Updated: September 14, 2020 9:04:46 am
The Basic Structure Doctrine as developed by the Indian Supreme Court has not found favour in Sri Lankan constitutional law. However, the Sri Lankan Constitution (2nd Republican Constitution of 1978) provides a clear procedure on how the provisions of the Constitution can be changed. The Constitution essentially recognises two categories of articles/provisions — those which can be amended by a two-thirds majority of members of Parliament and those which can only be amended if approved by the people at a referendum in addition to being approved by a two-thirds majority in Parliament. The latter are often referred to as “entrenched provisions of the Constitution.”
These entrenched provisions often gain increased importance when a constitutional amendment is proposed. This is because the interpretation provided by the Supreme Court on the scope and meaning of these entrenched provisions, determines the fate of a constitutional amendment. In the 42 years the Constitution has been in operation, not a single constitutional amendment or act of Parliament, for which the Supreme Court has mandated a referendum, has been submitted to the people for approval. Instead, governments have preferred to shelve the proposed amendment or law or make changes to the draft law to bring it in compliance with the Supreme Court’s determination.
The Supreme Court has also, through interpretation, given meaning and substance to these entrenched provisions.

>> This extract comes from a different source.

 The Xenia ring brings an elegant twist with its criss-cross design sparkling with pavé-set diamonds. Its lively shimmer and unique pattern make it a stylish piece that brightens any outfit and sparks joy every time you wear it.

One such entrenched provision, which has likely been the subject of the most amount of litigation, is Article 3 of the Constitution which recognises that sovereignty is reposed in the people of Sri Lanka and that this inalienable sovereignty includes the powers of government, fundamental rights and the franchise.

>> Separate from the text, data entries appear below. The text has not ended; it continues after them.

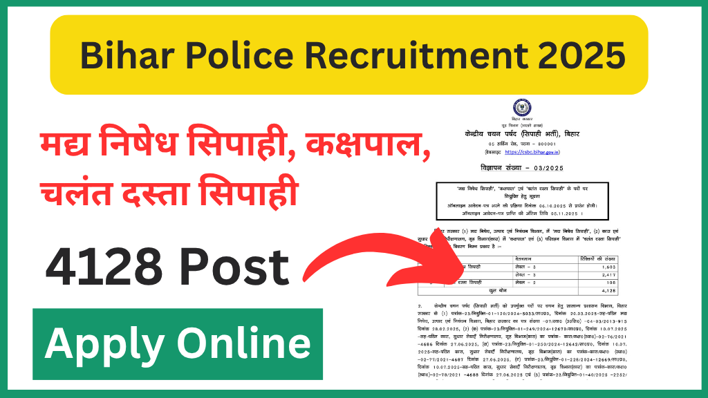 Bihar Police Recruitment 2025: बिहार में सरकारी नौकरी का सपना देखने वाले युवाओं के लिए बड़ी खुशखबरी है। केंद्रीय चयन पर्षद (सिपाही भर्ती), बिहार (CSBC) ने बिहार पुलिस भर्ती 2025 का नोटिफिकेशन जारी कर दिया है। इस भर्ती के तहत मद्य निषेध सिपाही (Prohibition Constable), कक्षपाल (Jail Warder) और चलंत दस्ता सिपाही (Mobile Squad Constable) के कुल 4128 पदों पर भर्ती होगी।
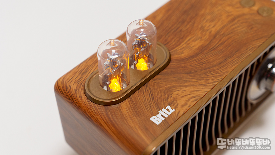 외형적으로 상당히 매력적인 Britz 브리츠 BA-MK250는 과거 전축에서 볼 수 있는 전면 그릴 느낌과 FM 라디오 주파수를 선택할 수 있는 다이얼 그리고 진공관 디자인의 무드등이 믹스되어 앤티크 느낌의 올인원 블루투스 스피커 모습을 보여주고 있는데요.
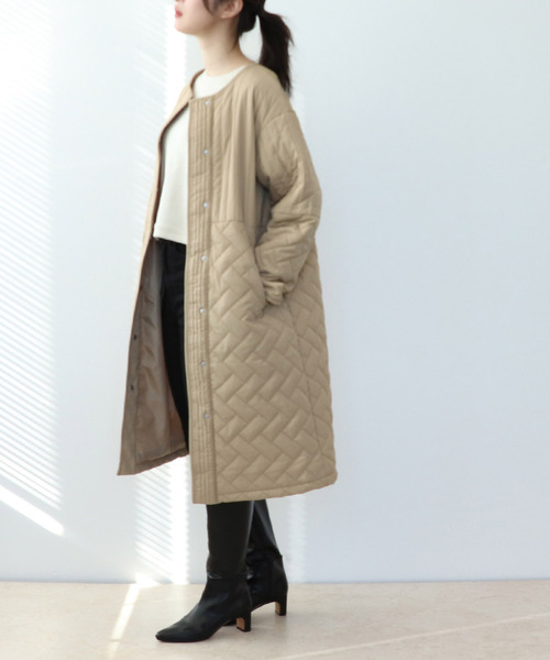 上下でストライプとモザイク柄のステッチで切り替えて表情豊かにデザインされたコート。お顔まわりはノーカラーですっきり。ストールやファーアイテムとのアレンジも映えます。
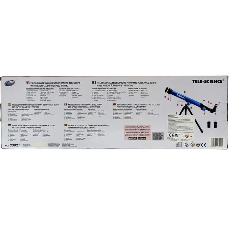 Especificaciones técnicas: diámetro del objetivo de 40mm, longitud focal de 500 mm, 2 oculares intercambiables de 20mm y 10 mm y espejo diagonal incluido.

The Court has, in fact, extended the scope of Article 3 by stating that changes made to Article 4 (which is not an entrenched provision and which enumerates as to how the sovereignty of the people will be exercised) which have an adverse impact on the sovereignty of the people, would also require to be approved by a referendum. In a recent decision, the Court held that the franchise in Article 3, also included the citizen’s ability to vote at Provincial Council elections. Therefore, whilst enacting the 13th Amendment to the Constitution did not require a referendum, abolishing the said amendment or preventing elections to Provincial Councils will require a referendum as it would impact the franchise of the people.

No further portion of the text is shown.